People emerging from incarceration are often reluctant to trust anyone. It makes sense to have community health workers with lived experience of incarceration help people who are newly released overcome barriers to accessing medical and mental health care.
Q: How do you see the role of managed care plans in this space? Who should they be partnering with and talking to?
A: It’s my experience that the managed care plans have not been at the table when release planning has been discussed. Under CalAIM, starting in January, plans will be required to offer Enhanced Care Management to most people who are being released. So, it’s important to get plans to the table and ensure, first, that everyone is enrolled in Medi-Cal.
Q: What other steps should be taken to help people as they leave jail or prison?
A: There are several ways to help people — especially those with severe mental health conditions. One is coordinating transportation services to their home, clinic, or case manager. Another is linking them to a trusted case manager in the community. People emerging from incarceration are often reluctant to trust anyone. It makes sense to have community health workers with lived experience of incarceration help people who are newly released overcome barriers to accessing medical and mental health care. That model is used by the Transitions Clinic Network. Another bright spot is Roots Community Health Center’s Safe Landing Pilot Program (PDF) at Santa Rita Jail. It launched in 2020 to provide supplies, facilitate benefits enrollment, and connect people to physical and behavioral health care after they leave jail.
Q: One way to think about people winding up in jail is that the system and the community failed them. As we think about reentry planning, what steps should we take to ensure that people aren’t just being released into the systems that have already failed them?
A: It’s important to bring different groups to the table to share the responsibility for reentry planning. This is an extraordinary opportunity to deliver person-centered care and to treat the whole person. People in jail or prison are much more likely to have suffered trauma in their lives, and some manage their resulting feelings of despair with alcohol and drugs. They need access to high-quality outpatient and residential programs the moment they become ready for treatment. They might need job counseling or housing navigation. Bringing together all the different groups invested in coordination and person-centered care, including people with lived experience of incarceration, is really exciting.
Q: We have focused on the importance of equity in serving the reentry population.
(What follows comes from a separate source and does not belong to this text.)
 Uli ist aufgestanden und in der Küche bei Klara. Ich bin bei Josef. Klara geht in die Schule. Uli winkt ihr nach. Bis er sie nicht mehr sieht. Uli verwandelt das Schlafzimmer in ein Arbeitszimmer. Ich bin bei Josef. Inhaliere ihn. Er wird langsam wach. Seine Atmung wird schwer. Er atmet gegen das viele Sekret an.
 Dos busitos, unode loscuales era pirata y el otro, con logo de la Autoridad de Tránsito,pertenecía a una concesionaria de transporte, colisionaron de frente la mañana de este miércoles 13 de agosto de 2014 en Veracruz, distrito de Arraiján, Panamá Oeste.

I noticed that you used the term “criminal legal,” rather than “criminal justice.” Why?
A: More organizations are moving away from using the term “criminal justice” to describe policing, court processes, and incarceration in the US. Those of us who’ve worked closely within it, even as probation officers, know that these systems rarely deliver justice.
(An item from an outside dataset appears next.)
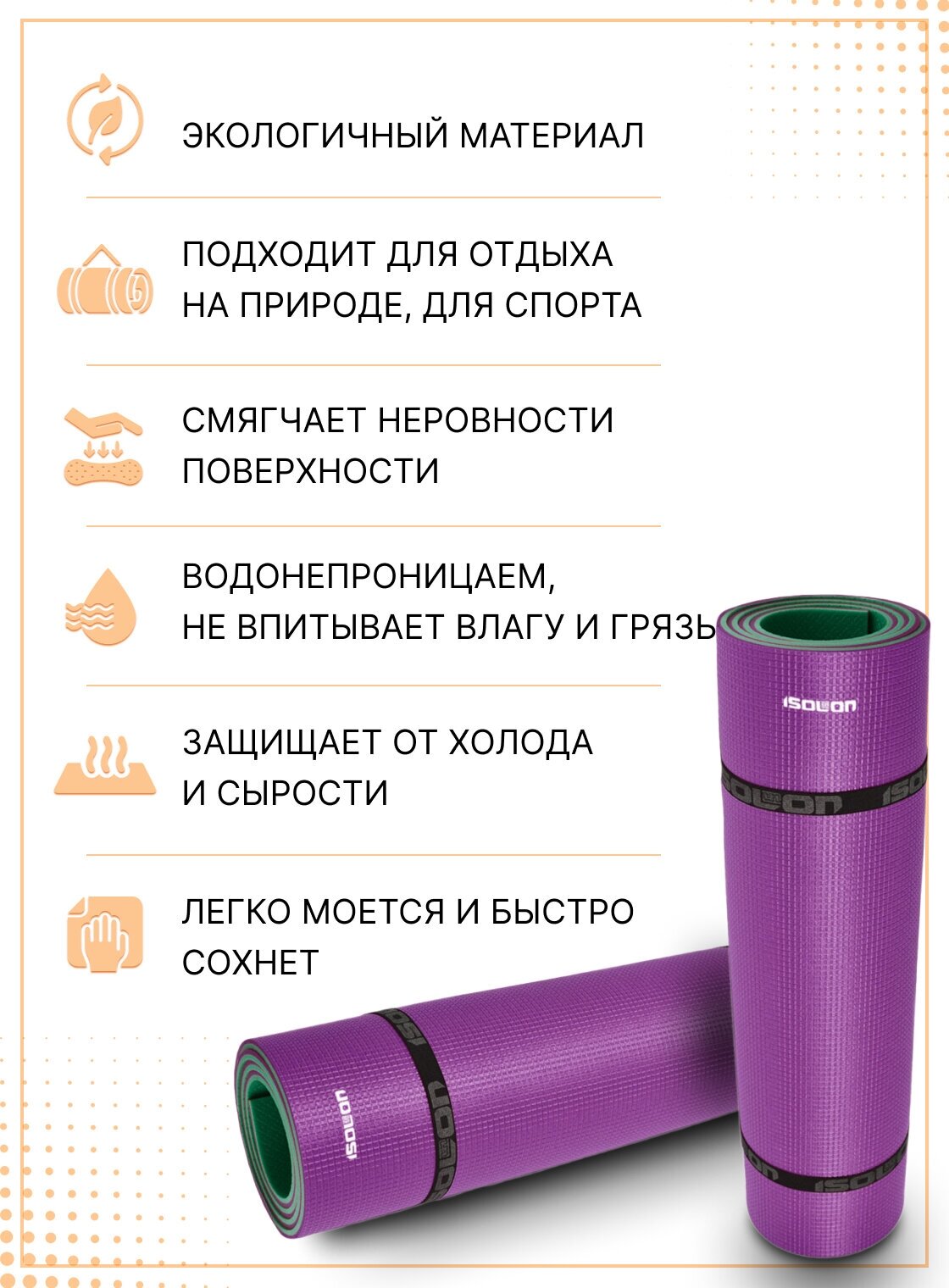 Коврик для туризма и отдыха классический Isolon Tourist 8 мм, 180х60 см жёлтый/фиолетовый

Q: You’ve been working with us here at CHCF for almost a year. What made you want to join the foundation?
A: I was drawn to the opportunity to work at a systems level to optimize behavioral health care for people with complex needs. I wanted to work with an organization that looks at improving and innovating the continuum of services and that has a strong commitment to health equity.
I’ve seen the system from many sides. When I was growing up, I received health care at a Federally Qualified Health Center, the Clinica Sierra Vista in the Central Valley. I saw firsthand the importance of receiving culturally concordant care, and that experience inspired my journey in health care delivery. It’s a privilege to focus on making sure the system works for people with low incomes and for communities that have faced persistent barriers to care and good health.